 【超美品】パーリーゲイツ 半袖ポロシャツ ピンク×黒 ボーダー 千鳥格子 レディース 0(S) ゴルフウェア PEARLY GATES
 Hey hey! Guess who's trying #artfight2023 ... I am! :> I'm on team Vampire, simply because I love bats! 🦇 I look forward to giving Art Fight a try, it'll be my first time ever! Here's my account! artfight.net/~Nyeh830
▬▬▬▬▬▬
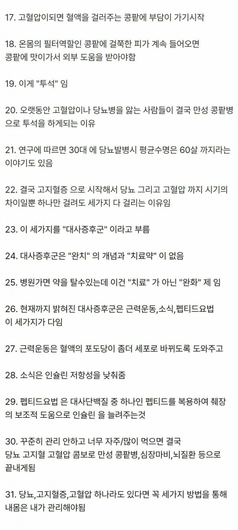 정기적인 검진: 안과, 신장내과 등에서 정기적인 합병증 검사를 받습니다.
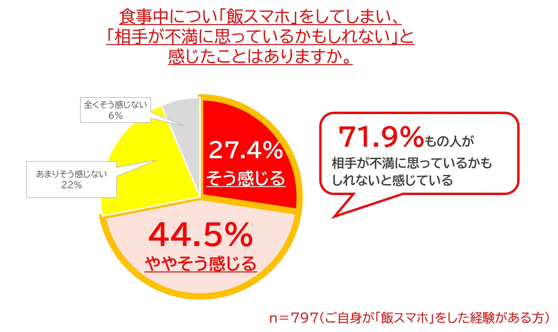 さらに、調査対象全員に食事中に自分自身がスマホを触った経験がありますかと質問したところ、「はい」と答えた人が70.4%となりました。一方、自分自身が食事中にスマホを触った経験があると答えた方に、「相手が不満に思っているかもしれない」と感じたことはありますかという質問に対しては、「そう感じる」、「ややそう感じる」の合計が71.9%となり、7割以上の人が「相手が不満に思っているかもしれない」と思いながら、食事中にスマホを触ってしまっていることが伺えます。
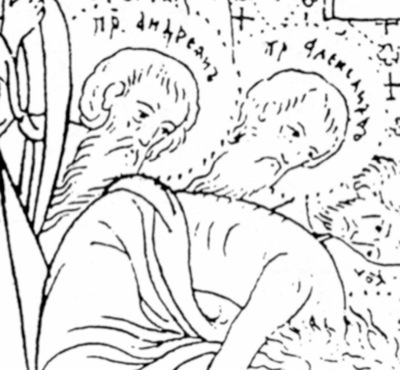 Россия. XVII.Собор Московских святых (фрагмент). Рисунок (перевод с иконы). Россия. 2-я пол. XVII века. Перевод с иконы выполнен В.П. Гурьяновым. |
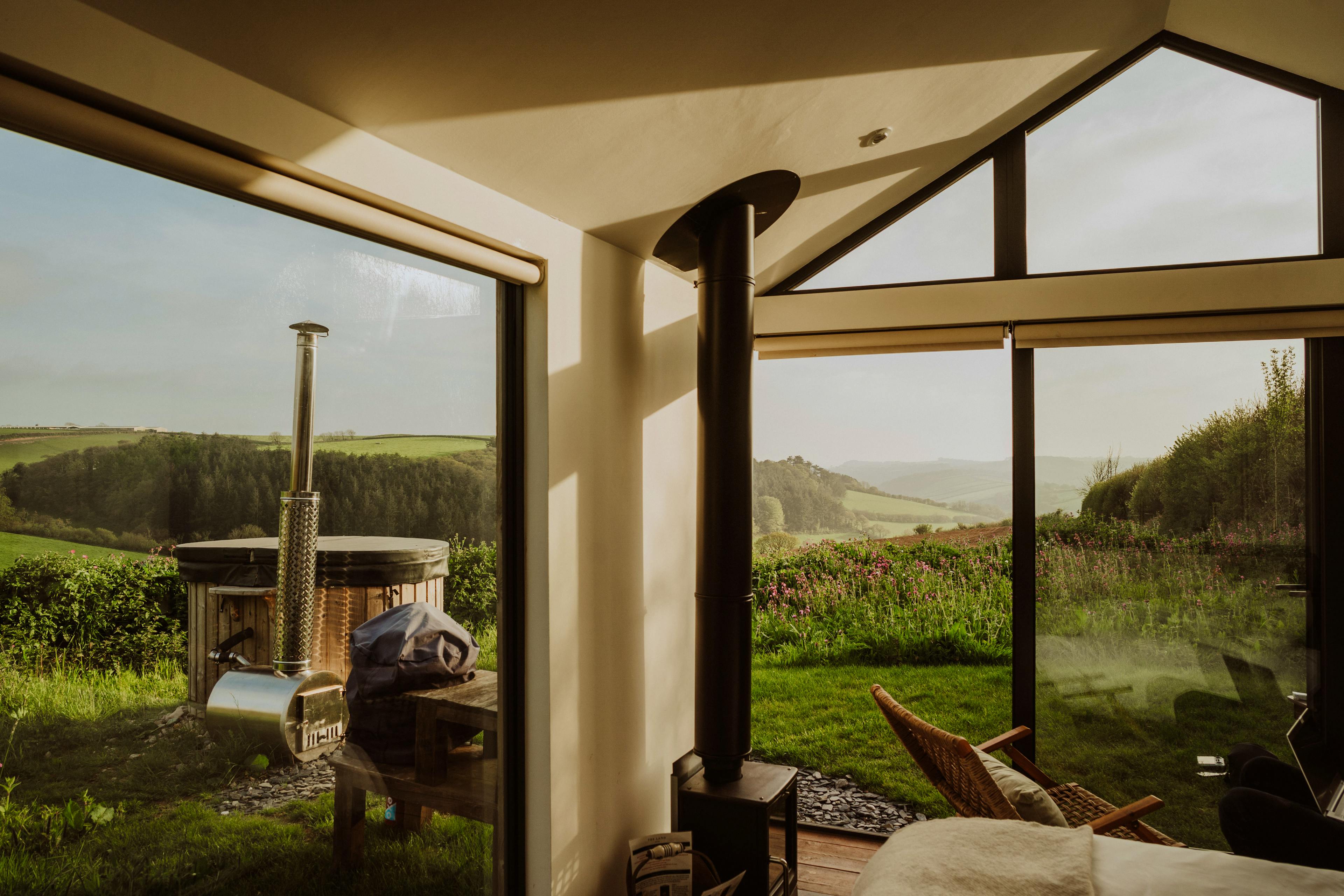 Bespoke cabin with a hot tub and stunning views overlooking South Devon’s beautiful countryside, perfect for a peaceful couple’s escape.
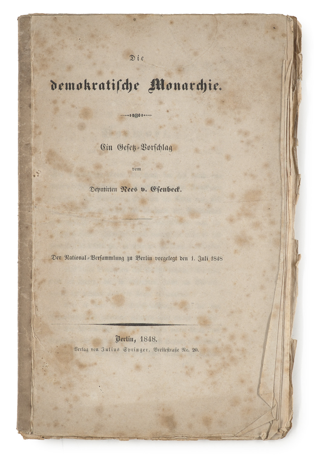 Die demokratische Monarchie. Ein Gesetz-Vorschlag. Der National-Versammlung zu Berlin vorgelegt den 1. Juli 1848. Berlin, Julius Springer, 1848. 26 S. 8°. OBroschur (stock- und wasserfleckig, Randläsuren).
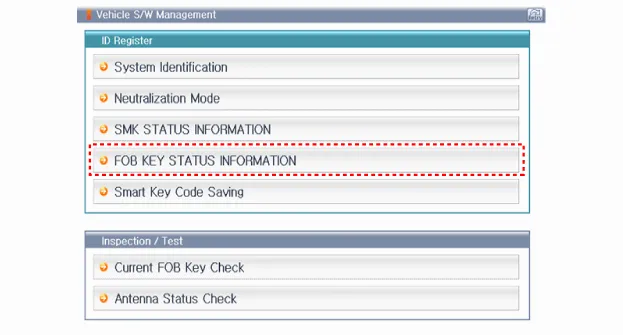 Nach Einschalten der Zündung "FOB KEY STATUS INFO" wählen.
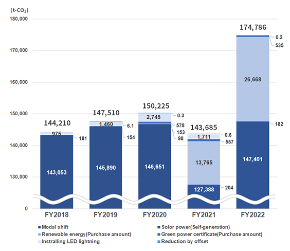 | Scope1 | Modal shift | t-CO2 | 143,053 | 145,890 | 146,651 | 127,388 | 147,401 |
▬▬▬▬▬▬
WHAT TO DO
Could you repeat exactly the lines above from the line with "ゴルフウェア PEARLY GATES" up to and including the line with "Hey hey! Guess", and only those?

EXPECTED ANSWER
 【超美品】パーリーゲイツ 半袖ポロシャツ ピンク×黒 ボーダー 千鳥格子 レディース 0(S) ゴルフウェア PEARLY GATES
 Hey hey! Guess who's trying #artfight2023 ... I am! :> I'm on team Vampire, simply because I love bats! 🦇 I look forward to giving Art Fight a try, it'll be my first time ever! Here's my account! artfight.net/~Nyeh830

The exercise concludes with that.